From mboxrd@z Thu Jan  1 00:00:00 1970
Return-Path: <linux-kernel-owner@vger.kernel.org>
Received: (majordomo@vger.kernel.org) by vger.kernel.org via listexpand
	id S1751601AbcFYOZE (ORCPT <rfc822;w@1wt.eu>);
	Sat, 25 Jun 2016 10:25:04 -0400
Received: from bombadil.infradead.org ([198.137.202.9]:39751 "EHLO
	bombadil.infradead.org" rhost-flags-OK-OK-OK-OK) by vger.kernel.org
	with ESMTP id S1751564AbcFYOZC (ORCPT
	<rfc822;linux-kernel@vger.kernel.org>);
	Sat, 25 Jun 2016 10:25:02 -0400
Date: Sat, 25 Jun 2016 16:24:47 +0200
From: Peter Zijlstra <peterz@infradead.org>
To: Pan Xinhui <xinhui.pan@linux.vnet.ibm.com>
Cc: linux-kernel@vger.kernel.org, mingo@redhat.com, dave@stgolabs.net,
        will.deacon@arm.com, Waiman.Long@hpe.com, benh@kernel.crashing.org
Subject: Re: [PATCH] locking/osq: Drop the overload of osq lock
Message-ID: <20160625142447.GK30154@twins.programming.kicks-ass.net>
References: <1466876523-33437-1-git-send-email-xinhui.pan@linux.vnet.ibm.com>
MIME-Version: 1.0
Content-Type: text/plain; charset=us-ascii
Content-Disposition: inline
In-Reply-To: <1466876523-33437-1-git-send-email-xinhui.pan@linux.vnet.ibm.com>
User-Agent: Mutt/1.5.23.1 (2014-03-12)
Sender: linux-kernel-owner@vger.kernel.org
List-ID: <linux-kernel.vger.kernel.org>
X-Mailing-List: linux-kernel@vger.kernel.org

On Sat, Jun 25, 2016 at 01:42:03PM -0400, Pan Xinhui wrote:
> An over-committed guest with more vCPUs than pCPUs has a heavy overload
> in osq_lock().
> 
> This is because vCPU A hold the osq lock and yield out, vCPU B wait
> per_cpu node->locked to be set. IOW, vCPU B wait vCPU A to run and
> unlock the osq lock. Even there is need_resched(), it did not help on
> such scenario.
> 
> To fix such bad issue, add a threshold in one while-loop of osq_lock().
> The value of threshold is somehow equal to SPIN_THRESHOLD.

Blergh, virt ...

So yes, lock holder preemption sucks. You would also want to limit the
immediate spin on owner.

Also; I really hate these random number spin-loop thresholds.

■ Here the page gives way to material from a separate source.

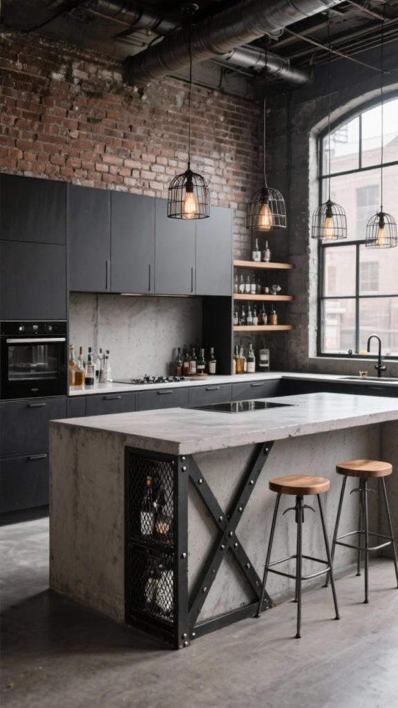 Bring in charcoal cabinetry, exposed brick, and pendants with caged bulbs. Finish with metal stools and warm oak shelves to soften the edge.

Is it at all possible to get feedback from your LPAR stuff that the vcpu
was preempted? Because at that point we can add do something like:


	int vpc = vcpu_preempt_count();

	...

	for (;;) {

		/* the big spin loop */

		if (need_resched() || vpc != vcpu_preempt_count())
			/* bail */

	}


With a default implementation like:

static inline int vcpu_preempt_count(void)
{
	return 0;
}

So the compiler can make it all go away.


But on virt muck it would stop spinning the moment the vcpu gets
preempted, which is the right moment I'm thinking.